Currently reading ALMOST FRENCH (fun, enlightening)...recently read THE GLASS CASTLE (GC is a wonderful book).

I love the look memoirs give me into other lives. Also, I enjoy fiction that feels like memoir--THE RIGHT OF THIRST was like that for me.

Keanan Brand said...

I've read a few memoirs in my time, but the ones I actually finish, or the ones I remember, aren't just straight-down-the-line autobiographies. They usually have unique structures, excellent writing, and compelling stories.

I'm currently editing a short memoir for a writer who is limiting the manuscript to a few of his childhood years lived in a certain area of Arkansas. The chapters revolve around humorous incidents involving himself, his siblings, and various shenanigans that resulted from relying on ingenuity and blithe creativity without much recourse to common sense. The writing's good, and the stories are laugh-out-loud funny, and I think it'll probably sell well.

In a side note: I don't quite know why, but I'm often drawn to films that are based on true stories. There's something about the word "true" that grabs my attention.

Wendy @ All in a Day's Thought said...

Great last line, "so long as it takes people on a journey worth remembering."

You hit upon some of my favorites: LaMott, Donald Miller and McCourt.

Like you mentioned, everyone wants to write about themselves.
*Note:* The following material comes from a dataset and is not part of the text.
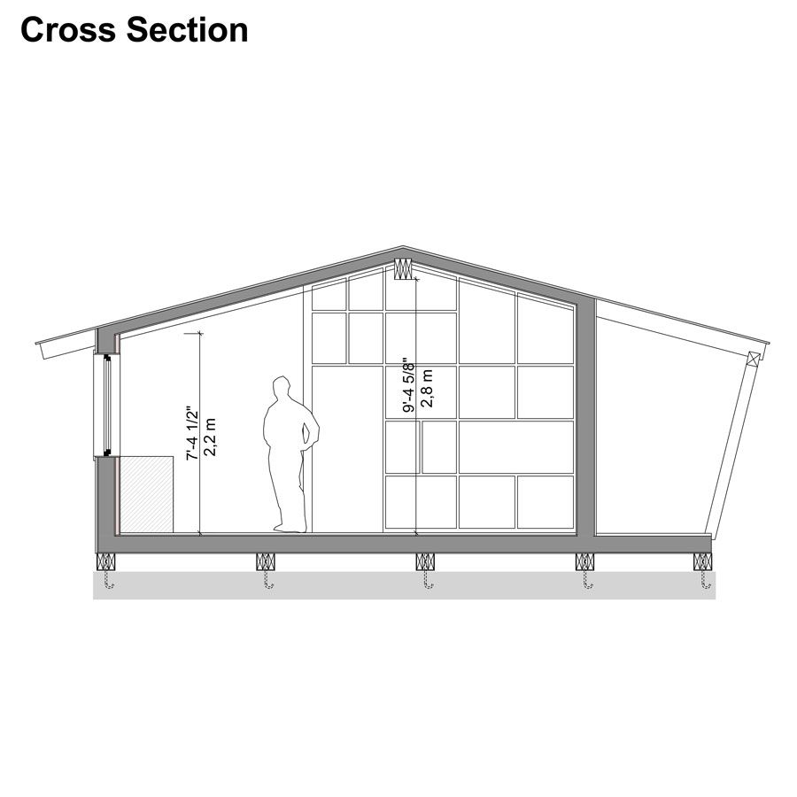 | L X W | 25′-4″ x 23′-1″ / 7,8 x 7,1 m |

I believe everyone wants to read about themselves too. So the role of the memoirist is to tell their story in such a way that others can readily relate to and feel involved in the story.

The first page of Blue Like Jazz describes my faith journey so well, but Miller is merely writing his story...
~ Wendy

Alexander Field said...

Anita & Wendy, I think you're both right. A memoir gives us a look into another's life. Wendy, you wrote: "I believe everyone wants to read about themselves too." That's it! A memoir must be relatable; we want to see ourselves in this other person's stories...

Keanan, true stories for me hold the same appeal. And I love that you're editing a book - I could always tell from your blog that you were an editor... : )

Tracy Edward Wymer said...

Memoirs... autobiographies... A Moveable Feast is really good, kind of a Hemingway bio. Usually I choose to read about writers or artists. I plan to read Matisse's soon.

Solvang Sherrie said...

I've read and enjoyed all the memoirs you mentioned. I actually saw Annie Lamott at UCSB a few years ago and she was an amazing speaker.

You'll Never Nanny in this Town Again is in my "to be read" pile. Oddly enough, it started out as a self-published memoir then got picked up by Crown.

I love memoirs, as long as the writer's voice keeps me engaged. A Girl Named Zippy, The Year of Living Biblically and Rocket Boys are some other good ones.